Aktualny pełnoprawny mistrz wagi ciężkiej UFC, Jon Jones w najnowszym wywiadzie z Vic Blends wypowiedział się o swojej sportowej przyszłości. Ton wypowiedzi „Bonesa” może nieco zasmucić jego najwierniejszych fanów.
Jon Jones swoją ostatnią walkę stoczył w listopadzie zeszłego roku, kiedy to na gali UFC w Nowym Jorku zdominował i pokonał przed czasem Stipe Miocica.
Od czasu tamtego pojedynku w sieci kibice domagają się tylko jednego starcia. Walki z tymczasowym mistrzem wagi ciężkiej – Tomem Aspinallem.
Jednak nie wiadomo nie tylko, czy dojdzie do tej konkretnej walki, ale nie wiadomo też czy w ogóle dojdzie do kolejnego starcia z udziałem Amerykanina.
- ZOBACZ TAKŻE: Strike King 5 – karta walk pełna. Sarara i nie tylko! Kto walczy na gali w Krakowie?

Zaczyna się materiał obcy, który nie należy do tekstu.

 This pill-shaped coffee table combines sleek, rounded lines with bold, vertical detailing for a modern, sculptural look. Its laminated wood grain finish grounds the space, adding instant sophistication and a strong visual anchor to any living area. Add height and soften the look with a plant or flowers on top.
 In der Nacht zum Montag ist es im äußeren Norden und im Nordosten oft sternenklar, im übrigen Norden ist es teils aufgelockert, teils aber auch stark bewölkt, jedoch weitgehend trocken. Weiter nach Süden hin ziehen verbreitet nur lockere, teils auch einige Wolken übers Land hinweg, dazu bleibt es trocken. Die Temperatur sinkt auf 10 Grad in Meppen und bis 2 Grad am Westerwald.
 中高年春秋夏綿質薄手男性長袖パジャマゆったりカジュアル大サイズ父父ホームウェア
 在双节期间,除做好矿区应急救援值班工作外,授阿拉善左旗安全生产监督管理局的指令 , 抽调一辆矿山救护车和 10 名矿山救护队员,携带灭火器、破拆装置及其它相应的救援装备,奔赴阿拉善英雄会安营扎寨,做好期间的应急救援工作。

Jon Jones o swojej sportowej przyszłości: Nie wiem co przyniesie życie
Tom Aspinall wielokrotnie już wypowiadał się na temat przeciągania przez „Bonny’ego” zaakceptowania ich walki. Jednak najnowszy komentarz Jonesa w tej sprawie dalej nie rozwiewa wątpliwości w tej kwestii, a choćby je powiększa:
„Nie wiem co życie przyniesie w kwestii walki i rywalizacji. Czuję, iż będę przy mieszanych sztuk walki do końca życia i to niezależnie czy będę trenował innych, czy sam będę walczył w meczach pokazowych czy na tego typu wydarzeniach. W UFC też jest wciąż mnóstwo różnej rywalizacji.”

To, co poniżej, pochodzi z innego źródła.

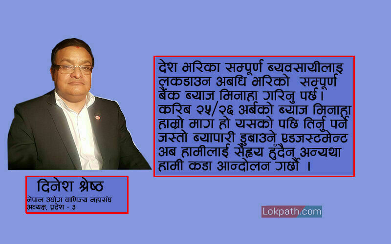प्रदेश तीनका अध्यक्ष दिनेश श्रेष्ठ नव नियुक्त गभर्नरले गठन गरेको कमिटीमा ब्यवसायीहरुको प्रतिनिधित्व नभएको र कर्मचारी र ब्याङ्करहरुले मात्र उद्योगी व्यवसायीको वास्तविक मार बुझ्न नसक्ने बताउँदैछन् । श्रेष्ठ भन्छन्, “हामीलाई कम ब्याज दरमा थप रकम उपलब्ध गराइदिनुपर्छ र अहिले यो बन्द अवधिको जुन ब्याज छ, यसलाई राहतको रुपमा त्यो ब्याज मिनाहा गरिदिने यो नै हो हाम्रो माग । प्रस्तुत छ, लोकपथ डटकमले नेपाल उद्योग वाणिज्य महासंघ प्रदेश ३ का अध्यक्ष दिनेश श्रेष्ठसँग गरेको अन्तर्वार्ता :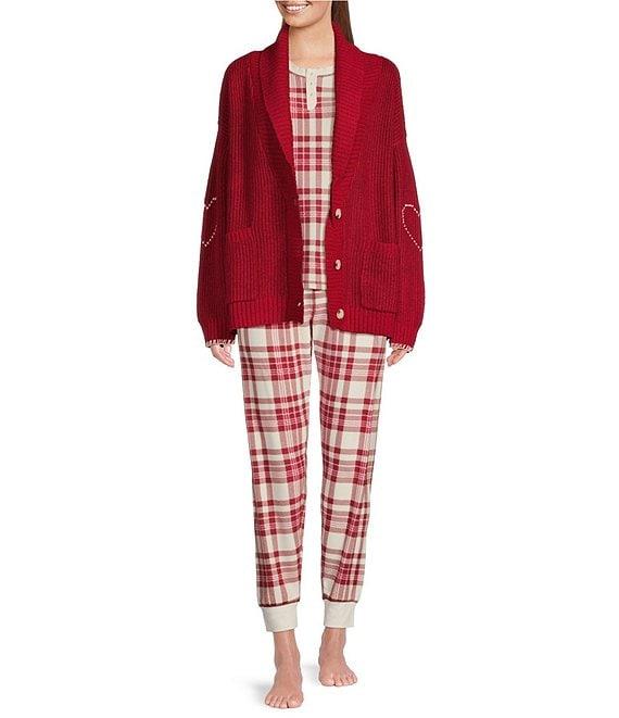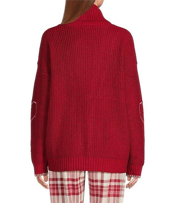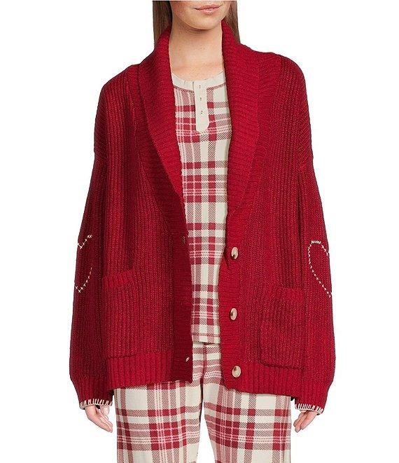PJ Salvage Long Sleeve Shawl Collar Sweater Knit Cross-Stitch Heart Cardigan
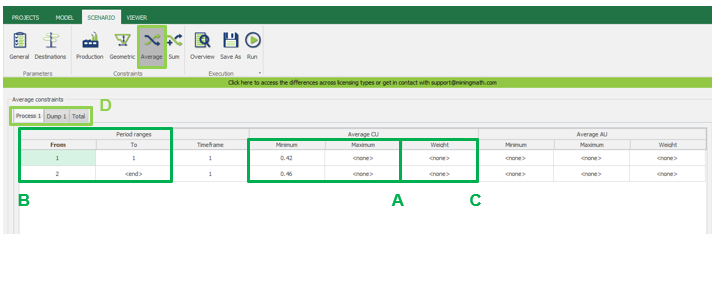 Los límites de las variables promedio se pueden definir en el Guión pestaña. Como se muestra a continuación, es posible introducir límites (A), para cada rango de periodo (B), pesas (C) y cada destino (D).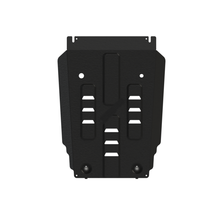 Esta placa protectora es de acero de calidad de 3 mm de espesor y se fija a los orificios originales del vehículo. Las aberturas de servicio en la placa protectora permiten el mantenimiento del vehículo sin desmontaje.

Jednocześnie Jones nie ukrywa, iż ze względu na swoją karierę czuje się w wyjątkowej pozycji negocjacyjnej w kwestii swojej dalszej kariery:
„Uważam, iż jestem kimś więcej niż zawodnikiem, a będąc w takiej pozycji masz więćej opcji niż inni. Chodzi o odejście z UFC, powrotu i tego typu rzeczy.”
Metrykalnie Jon Jones ma 37 lat i sportowo nie musi już nikomu nic udowadniać. No oprócz potencjalnej wiktorii z Tomem Aspinallem. Czy „Bonesa” stać jeszcze na wiktorię z młodym-gniewnym zawodnikiem mieszanych sztuk walki?